*What this task involves:* Repeat exactly the lines below from the line that contains "インナーに合わせているシャン" to the last line, inclusive, without the pictures.

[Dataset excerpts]
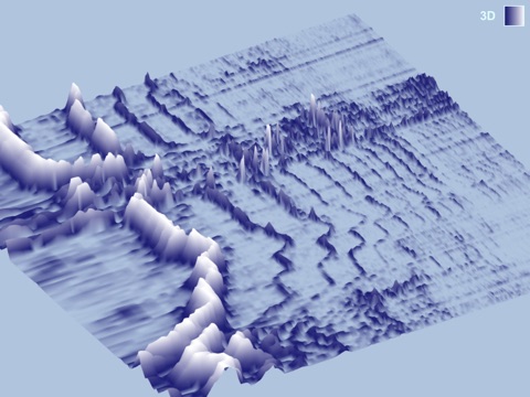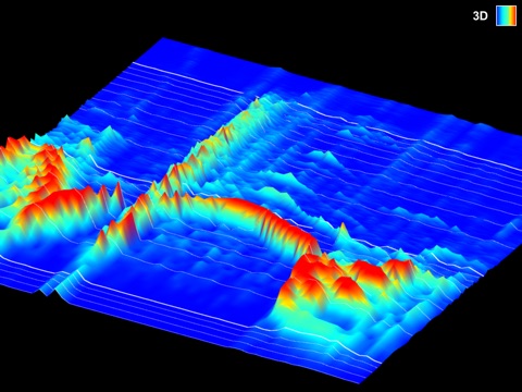 The Spectrograph displays and records real time spectrograms (visual representations of the spectral density over time) by processing the audio signal from the microphone input (or any external microphone connected to the input jack) or any digital audio input via the dock connector (if suitable external hardware is connected). It offers a 2D view and an amazing 360 degrees fullscreen 3D view.
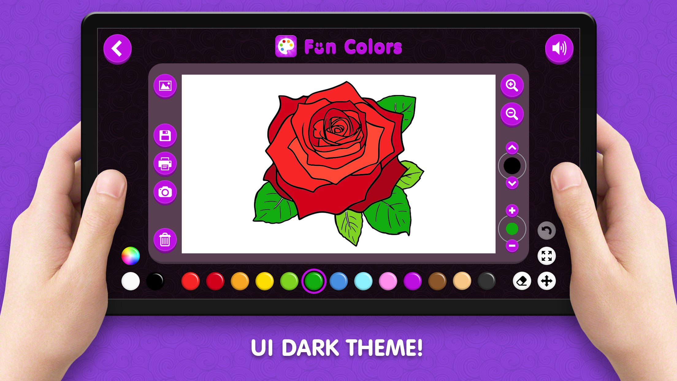 Uploading your own coloring pagesDark theme for protection of eyesMode for drawing and coloringColoring pages of different categoriesUploading images or photos to the gamePrinting drawings from the gameSaving drawings to the deviceAdjust the size and type of paint brushZoom in / out of the canvasUndo the last actionIntuitive controls for kids
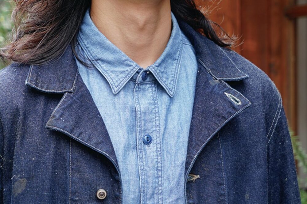 インナーに合わせているシャンブレーのワークシャツもBSCユニフォームとして製作したもの。デニムとの相性も抜群だ。
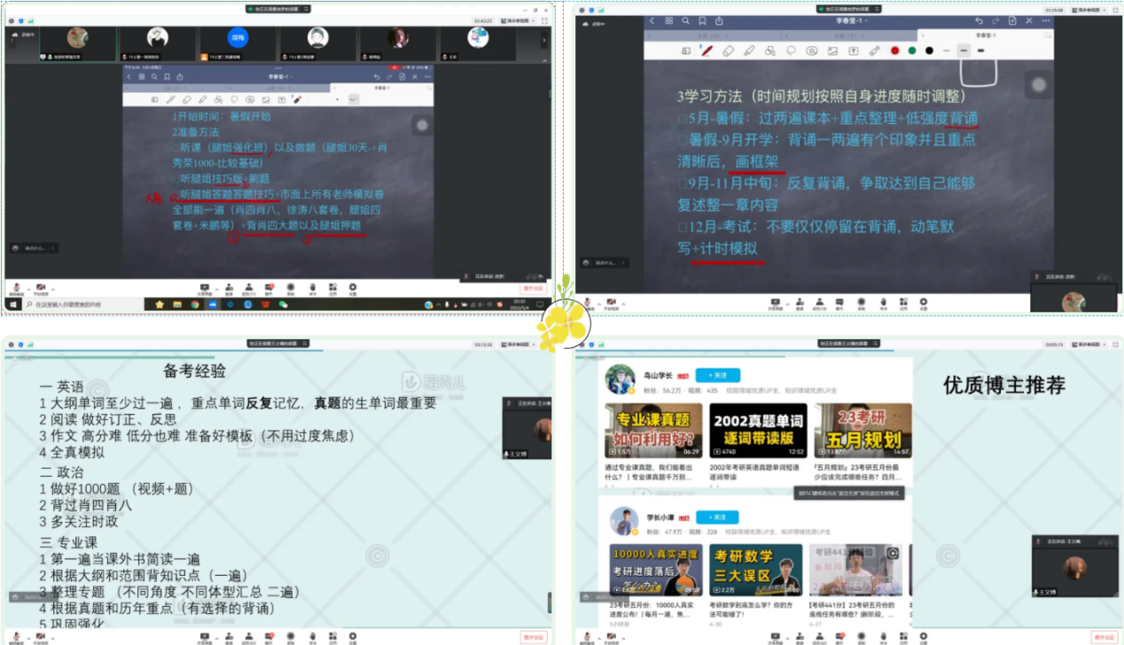 为让同学们了解更多考研资讯,制定科学有效地考研计划。2022年5月4日,我院2019级土地资源管理专业以线上会议的形式开展考研经验交流会。会议邀请到2018级土地资源管理专业刘爽、于子涵、高英晓、郝悦然、李春莹、唐华斌、唐鹏、滕伦、王义博和周佳奇10位成功考取硕士研究生的优秀学生作考研经验分享。
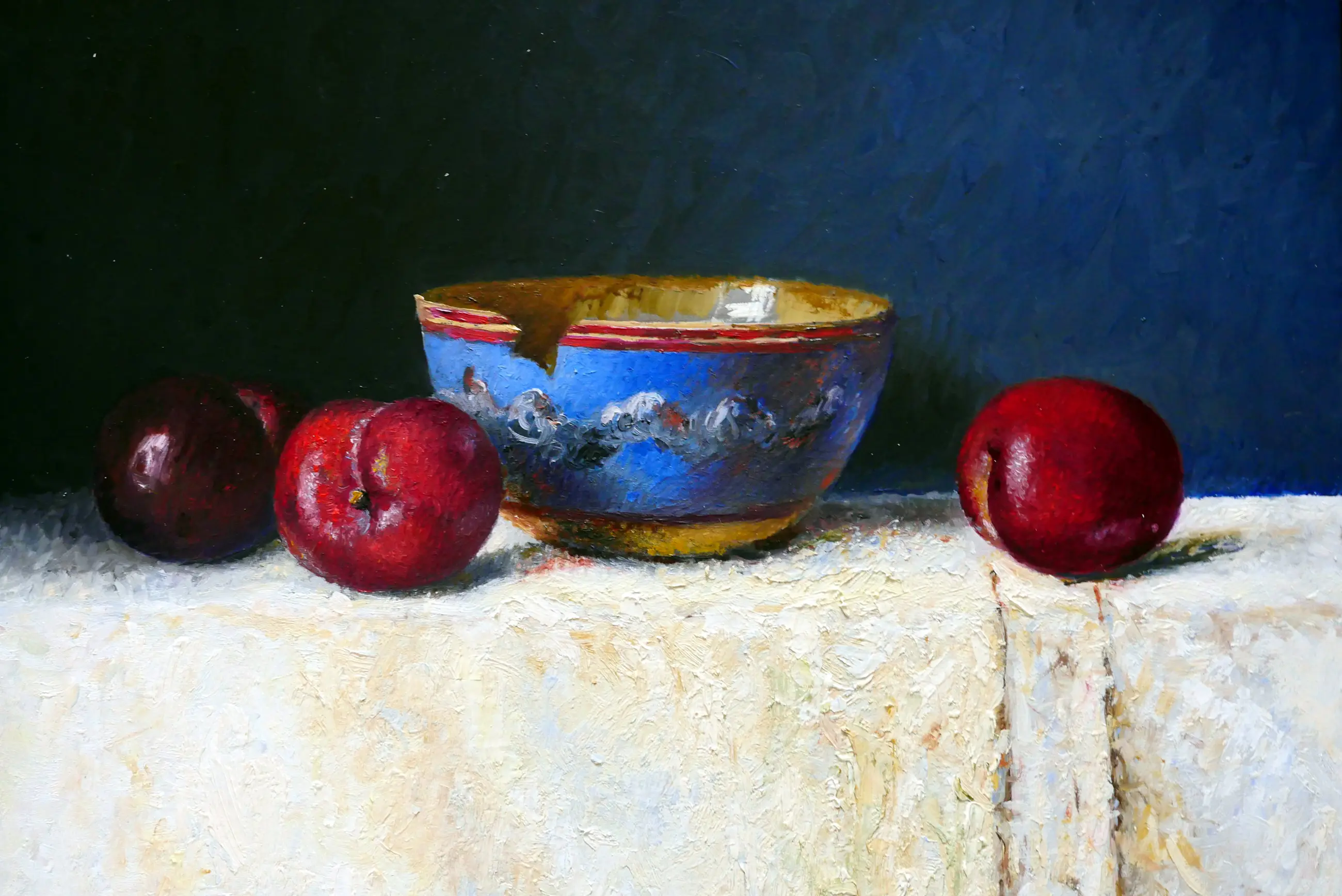 Het stilleven komt van Meervelds ‘blauwe periode’ die ongeveer liep van 1995 tot 2000. Dat waren vruchtbare jaren waarin de schilder naar eigen zeggen zijn beste stillevens maakte. Werken uit die tijd werden allemaal verkocht, vooral via Galerie Mokum te Amsterdam.

*Answer section:*
 インナーに合わせているシャンブレーのワークシャツもBSCユニフォームとして製作したもの。デニムとの相性も抜群だ。
 为让同学们了解更多考研资讯,制定科学有效地考研计划。2022年5月4日,我院2019级土地资源管理专业以线上会议的形式开展考研经验交流会。会议邀请到2018级土地资源管理专业刘爽、于子涵、高英晓、郝悦然、李春莹、唐华斌、唐鹏、滕伦、王义博和周佳奇10位成功考取硕士研究生的优秀学生作考研经验分享。
 Het stilleven komt van Meervelds ‘blauwe periode’ die ongeveer liep van 1995 tot 2000. Dat waren vruchtbare jaren waarin de schilder naar eigen zeggen zijn beste stillevens maakte. Werken uit die tijd werden allemaal verkocht, vooral via Galerie Mokum te Amsterdam.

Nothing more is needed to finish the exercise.